• The data
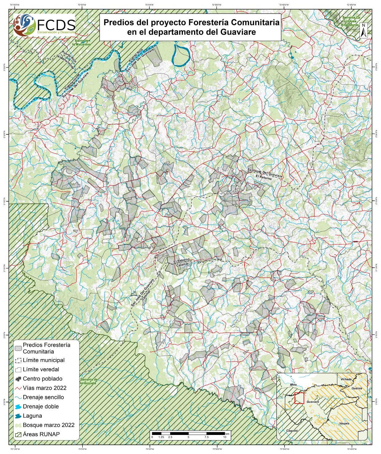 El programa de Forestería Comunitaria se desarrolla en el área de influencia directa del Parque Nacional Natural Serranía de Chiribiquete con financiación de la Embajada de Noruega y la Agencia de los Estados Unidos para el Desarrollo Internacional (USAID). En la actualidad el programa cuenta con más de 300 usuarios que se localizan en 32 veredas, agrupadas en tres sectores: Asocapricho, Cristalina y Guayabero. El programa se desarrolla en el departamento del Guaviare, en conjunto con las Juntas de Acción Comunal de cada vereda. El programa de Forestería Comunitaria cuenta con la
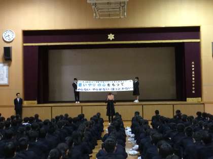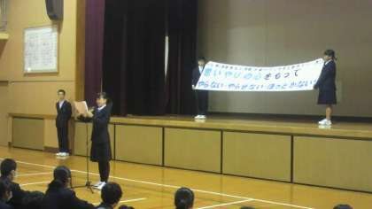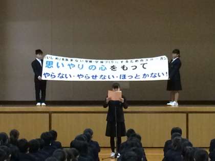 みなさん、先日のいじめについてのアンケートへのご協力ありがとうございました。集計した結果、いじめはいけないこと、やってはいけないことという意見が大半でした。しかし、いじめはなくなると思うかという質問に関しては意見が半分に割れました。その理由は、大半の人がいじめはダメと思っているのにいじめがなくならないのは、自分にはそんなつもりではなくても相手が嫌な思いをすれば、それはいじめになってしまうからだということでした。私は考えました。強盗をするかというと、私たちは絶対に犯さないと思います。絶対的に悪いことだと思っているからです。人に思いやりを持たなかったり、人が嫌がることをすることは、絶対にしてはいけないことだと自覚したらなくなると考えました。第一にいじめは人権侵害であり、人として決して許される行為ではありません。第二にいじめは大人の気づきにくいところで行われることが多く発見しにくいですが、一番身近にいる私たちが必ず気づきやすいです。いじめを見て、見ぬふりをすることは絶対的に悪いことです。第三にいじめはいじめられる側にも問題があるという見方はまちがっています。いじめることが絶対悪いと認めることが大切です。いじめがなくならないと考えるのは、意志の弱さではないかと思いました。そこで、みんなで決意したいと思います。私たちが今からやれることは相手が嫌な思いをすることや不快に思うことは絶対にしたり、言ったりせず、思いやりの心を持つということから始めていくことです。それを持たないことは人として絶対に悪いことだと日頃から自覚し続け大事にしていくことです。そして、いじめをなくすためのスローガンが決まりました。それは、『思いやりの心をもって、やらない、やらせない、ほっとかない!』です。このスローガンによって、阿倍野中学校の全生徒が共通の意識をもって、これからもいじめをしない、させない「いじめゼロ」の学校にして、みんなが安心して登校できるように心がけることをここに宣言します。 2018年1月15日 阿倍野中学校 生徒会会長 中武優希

...

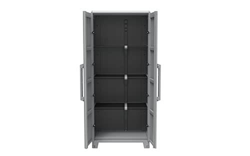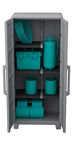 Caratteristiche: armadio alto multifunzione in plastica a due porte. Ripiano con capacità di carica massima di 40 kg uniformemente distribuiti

• Task prompt
Set down, exactly as written above, each line from the one with "El programa de Forestería Comunitaria se" through the one with "阿倍野中学校 生徒会会長 中武優希", and skip the pictures.

• Task result
 El programa de Forestería Comunitaria se desarrolla en el área de influencia directa del Parque Nacional Natural Serranía de Chiribiquete con financiación de la Embajada de Noruega y la Agencia de los Estados Unidos para el Desarrollo Internacional (USAID). En la actualidad el programa cuenta con más de 300 usuarios que se localizan en 32 veredas, agrupadas en tres sectores: Asocapricho, Cristalina y Guayabero. El programa se desarrolla en el departamento del Guaviare, en conjunto con las Juntas de Acción Comunal de cada vereda. El programa de Forestería Comunitaria cuenta con la
 みなさん、先日のいじめについてのアンケートへのご協力ありがとうございました。集計した結果、いじめはいけないこと、やってはいけないことという意見が大半でした。しかし、いじめはなくなると思うかという質問に関しては意見が半分に割れました。その理由は、大半の人がいじめはダメと思っているのにいじめがなくならないのは、自分にはそんなつもりではなくても相手が嫌な思いをすれば、それはいじめになってしまうからだということでした。私は考えました。強盗をするかというと、私たちは絶対に犯さないと思います。絶対的に悪いことだと思っているからです。人に思いやりを持たなかったり、人が嫌がることをすることは、絶対にしてはいけないことだと自覚したらなくなると考えました。第一にいじめは人権侵害であり、人として決して許される行為ではありません。第二にいじめは大人の気づきにくいところで行われることが多く発見しにくいですが、一番身近にいる私たちが必ず気づきやすいです。いじめを見て、見ぬふりをすることは絶対的に悪いことです。第三にいじめはいじめられる側にも問題があるという見方はまちがっています。いじめることが絶対悪いと認めることが大切です。いじめがなくならないと考えるのは、意志の弱さではないかと思いました。そこで、みんなで決意したいと思います。私たちが今からやれることは相手が嫌な思いをすることや不快に思うことは絶対にしたり、言ったりせず、思いやりの心を持つということから始めていくことです。それを持たないことは人として絶対に悪いことだと日頃から自覚し続け大事にしていくことです。そして、いじめをなくすためのスローガンが決まりました。それは、『思いやりの心をもって、やらない、やらせない、ほっとかない!』です。このスローガンによって、阿倍野中学校の全生徒が共通の意識をもって、これからもいじめをしない、させない「いじめゼロ」の学校にして、みんなが安心して登校できるように心がけることをここに宣言します。 2018年1月15日 阿倍野中学校 生徒会会長 中武優希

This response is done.